'The innate fascism of the RSS is overshadowing Modi's development programme,' argues Amulya Ganguli.
Just as the Communists believed in 1947-1948 that India had not attained 'real' Independence -- yeh azadi jhooti hai -- the RSS today believes that the Jana Gana Mana is not the real national anthem. In its view, that honour should go to Vande Mataram.
The first signs that the Sangh Parivar wanted a second look at the Jana Gana Mana was when Rajasthan Governor Kalyan Singh -- who presided over the Babri Masjid demolition in 1992 as the Uttar Pradesh chief minister -- proposed his own version of Rabindranath Tagore's song in which the word 'adhinayaka' was sought to be replaced by 'mangal gaye' since the existing word, according to him, referred to King George V.
The same point was made more recently by the Parivar's in-house gadfly, Subramanian Swamy.
Although the composition of the song coincided with the Coronation Durbar in New Delhi in 1911, Tagore later said that the 'great charioteer of human destiny' -- hay chira sarathi -- 'cannot, by any means, be fifth or sixth, or any George.'
If dislike for the 'Angrezi shashak' (English ruler), to quote Kalyan Singh, is the reason for the objections of the RSS and the BJP to the national anthem, Vande Mataram cannot pass muster either because it occurs in Bankim Chandra Chattopadhyay's Anand Math in the context of welcoming the English since they were expected to put an end to Muslim rule.
The RSS may be pleased with this particular fallout of the advent of the English, but it cannot ignore the background of the paean to Mother India.
It is another matter that the exultation over the termination of what came to be known in history books as the Muslim period was subsequently forgotten (or overlooked) and the exhilarating lyrics and tune of Vande Mataram came to symbolise nationalism per se for the freedom fighters.
But the past cannot be conveniently brushed aside to suit a present purpose.
Another aspect of 'Angrezi shashan' which the saffron brotherhood finds unacceptable is the Constitution, which, as is known, is modelled on the Government of India Act of 1935. Therefore, the saffronites want to get rid of this Macaulayan legacy and replace it by something indigenous.
Not surprisingly, one of the first acts of the Atal Bihari Vajpayee government was to set up a commission to rewrite the Constitution.
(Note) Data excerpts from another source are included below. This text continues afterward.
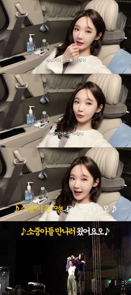 이날 강민경은 멤버 이해리와 함께 성신여대 축제를 방문했다. 무대를 마친 강민경은 “오늘 어떤 일이 있었는 줄 아냐. (성신여대)학생들 애칭이 수정인데, 언니가 소중이라고 했다”고 폭로했다.
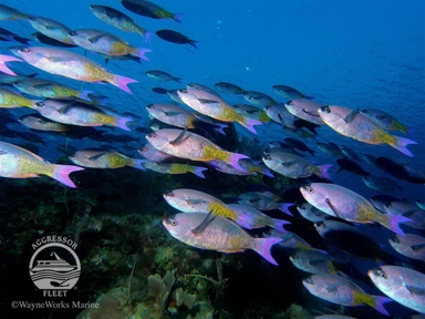 Het Aquarium daarentegen is een makkie en een geweldige plek voor fotografen. Het is er schoon en netjes, met een verscheidenheid aan kleine koralen en een overvloed aan kleine rifvissen waaronder bijna alle soorten grunt. Grote koraalformaties beginnen op een diepte van 11m en tal van tunnels, bogen, hoeken en doorgangen maken dit tot een fascinerende duikstek.
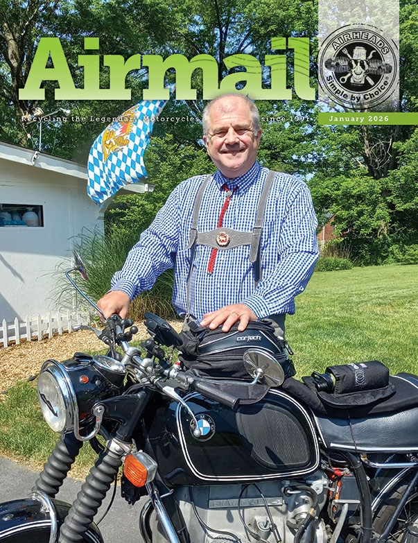 Airmail – January 2026 – Digital Issue In this Issue: 3 From the Top 4 From the Board 5 Head-to-Head 6 Cover Story: Kancamagas = Sixty Years in the Making 12 Perspective: Airhead Delivery Service – Why I Joined the Airheads 16 Perspective: The Best Ride Ever 20 Product Review: EnDuraLast Electronic Ignition 23 Airheads…
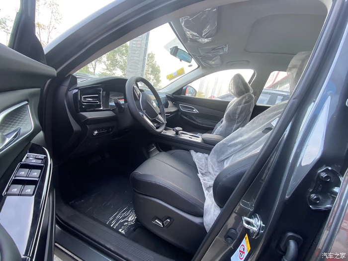 看到实车的第一眼,感觉比网上的图片好看。试驾的车和店里这台展车是同款,都是2024款 1.5T 自动尊崇型 7座,星际灰外黑内。
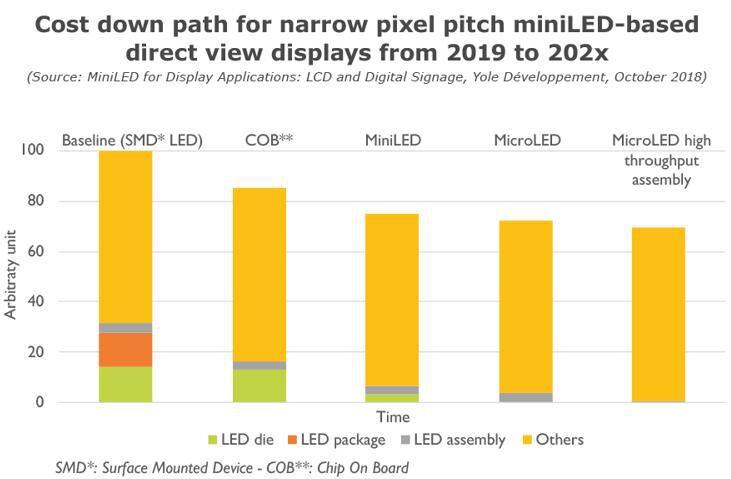 最后,對于大多數目標細分市場,miniLED提供的性能已經接近現有技術,如用于高端消費類顯示器的OLED和用于窄間距數字標牌的SMD LED。因此,成本將成為阻礙或推動miniLED應用的主要因素。
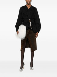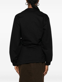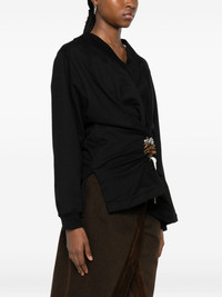 Cotton jersey top with an asymmetrical draped line. Jewel brooch detail. Side slits. V-neck and ribbed cuffs. product code: 2520111342611900 COMPOSITION 100% cotton MADE IN TURKEY
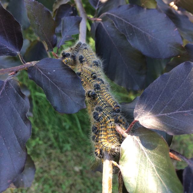 ….i alla fall är det det vi tror. Att det ska bli nya fjärilar. ( bäst att erkänna okunnigheten med en gång.) Men, de satt ju på en annan gren i förrgår?? Vi tittar på de söta larverna, de sitter tätt, alldeles stilla. Mätta? Sover? Håller på att förpuppa sig?? tja, vi vet inte, men vi upplever deras trygga förnöjsamhet, där de sitter tillsammans.

It is possible that Vajpayee took the step unwillingly, only to get the Hindutva hawks off his back, and only after the government assured the commission's chairman, Justice M N Venkatachaliah, that no changes in the basic structure of the Constitution was contemplated.
Since, in the end, the Constitution was left untouched, the unsuccessful attempt to tinker with it by the saffron camp can be said to be of little importance.
But the significance of its intervention lies in revealing the mindset of those who are dissatisfied with the present scheme of thing and want a drastic change.
This radical impulse can be gauged from the suggestions which were submitted by the RSS to the commission. Their central point was the setting up of a Guru Sabha for 'Bharat.' All the three 'estates' of modern governance -- the legislature, the executive and the judiciary -- were expected to function under the Guru Sabha, which would have overriding powers.
In effect, it would be like the Iranian Guardians Council, comprising theologians appointed by the country's supreme leader, who is a cleric, and six others nominated by the judiciary. According to the RSS 'theologians', the Guru Sabha will not be a body elected on the basis of universal adult franchise, but by a restricted electorate comprising teachers of schools, colleges and universities.
When the proposal was made, the Jawaharlal Nehru University and the Hyderabad Central University had not hit the headlines as they have done now. It is unlikely, therefore, that the RSS will stand by its earlier proposal at present.
But the object of this exercise of dismantling the Constitution is obvious -- the RSS wants the transfer of power away from voters to a group of 'teachers' -- of shakhas, vidya bhavans, sishu mandirs, et al -- which the Nagpur patriarchs think they will be able to control.
Apart from a tendency to create a problem where none exists, there is an element of elitism in the suggestion to negate the concept of universal franchise. Yet, it is this system of allowing everyone to vote which saved India from the Emergency in 1977 when the would-be dictators were thrown out.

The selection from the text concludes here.